If the question is "now" or "later" . . . well, I think the horse is giving you his opinion if he's grumpy and obviously in pain.  He's no less in pain out in a field and high level of NSAIDs have their own dangers and discomforts.  I have a feeling you know the answer.  Honestly, he doesn't care if he's in the field for the summer or not, it would only be for you.  And if the ground stays hard it will be an even less pleasant option for him. If he's comfortable, there's no harm.  If you can't keep him comfortable . . . sorry, an awful decision to have to make but it sounds like you've already made it.


----------



## moneypit1 (10 June 2011)

amymay said:



			Your post here is quite different from what you posted a fortnight ago.

To be blunt, I would have him put down Monday.

(((((   )))))
		
Click to expand...

I know, he seems to have got worse quite quickly.  Sometimes I look at him and think he's not too bad, he seems happy enough and then I see him limping along.
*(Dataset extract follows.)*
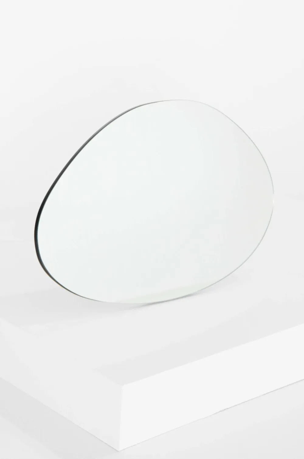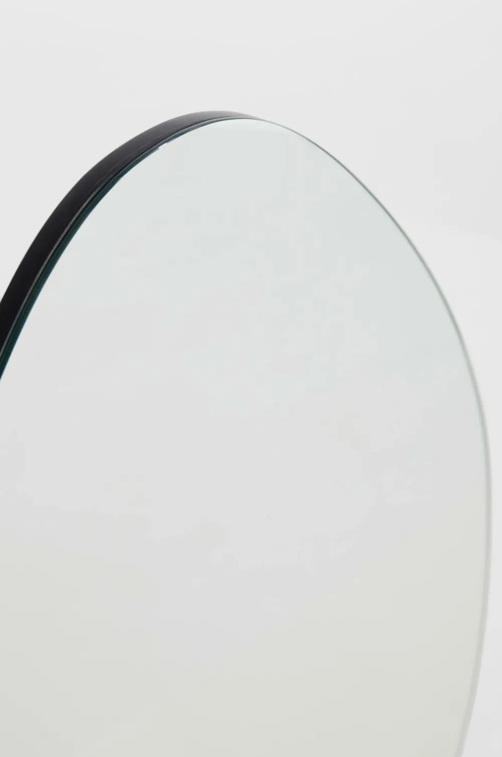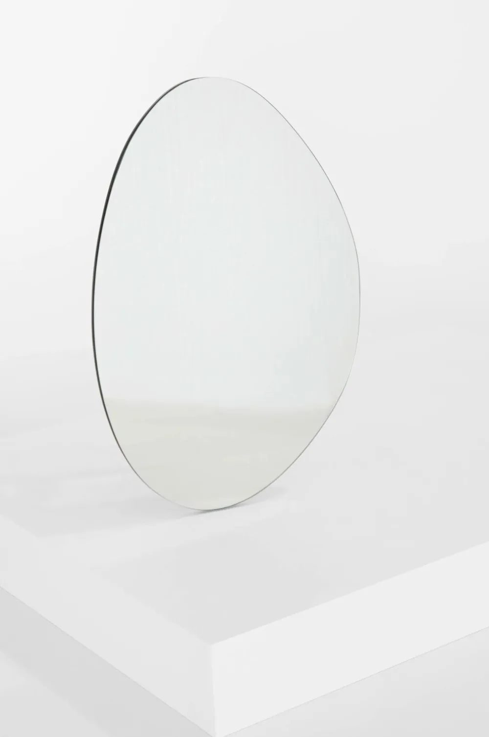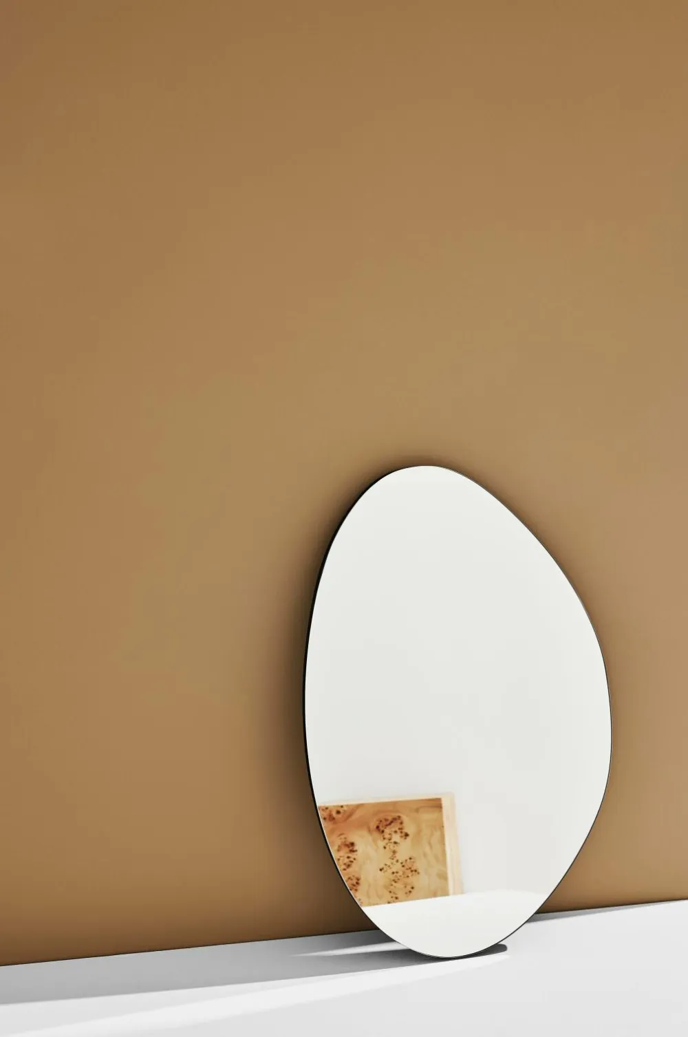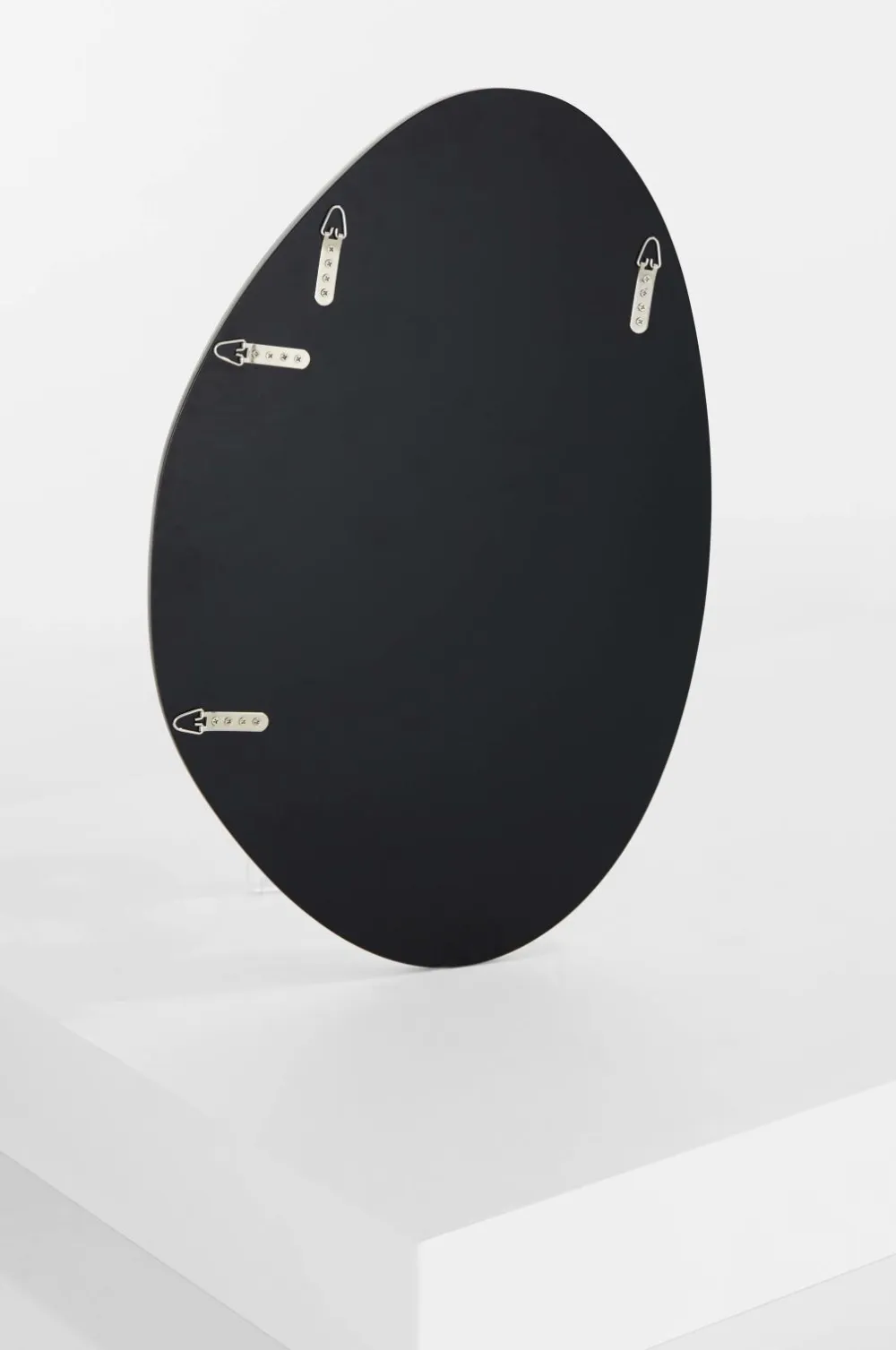 Asymmetrisk ovalt vægspejl, en spændende form som skaber effekt og bliver blikfang. Belle er ikke bare et spejl, det er også en flot vægdekoration. Spejlets ophængning er fleksibel og det kan hænges både vandret og lodret. Bagsiden er af FSC-mærket, sortmalet MDF og en diskret sort kant kan ses fra siden. Spejlet har dobbelt ophængning, fire skjulte metaløskner på bagsiden, to stropper langs to sider.

I am speaking to my vet later today about it all again.  It's just when I see him grazing in the sunshine I think 'oh, he's ok, he seems quite happy', and then when he trots he is lame.  I guess I have to do the deed for his sake. Thanks for your replies everyone, it is so bloody difficult when you just do not want to let them go. x


----------



## Amymay (10 June 2011)

moneypit1 said:



			I know, he seems to have got worse quite quickly.  Sometimes I look at him and think he's not too bad, he seems happy enough and then I see him limping along. I am speaking to my vet later today about it all again.  It's just when I see him grazing in the sunshine I think 'oh, he's ok, he seems quite happy', and then when he trots he is lame.  I guess I have to do the deed for his sake. Thanks for your replies everyone, it is so bloody difficult when you just do not want to let them go. x
		
Click to expand...

You really, really do have my heartfelt sympathies.  Seeing them look ok grazing etc. you can't imagine that you are considering the things you are.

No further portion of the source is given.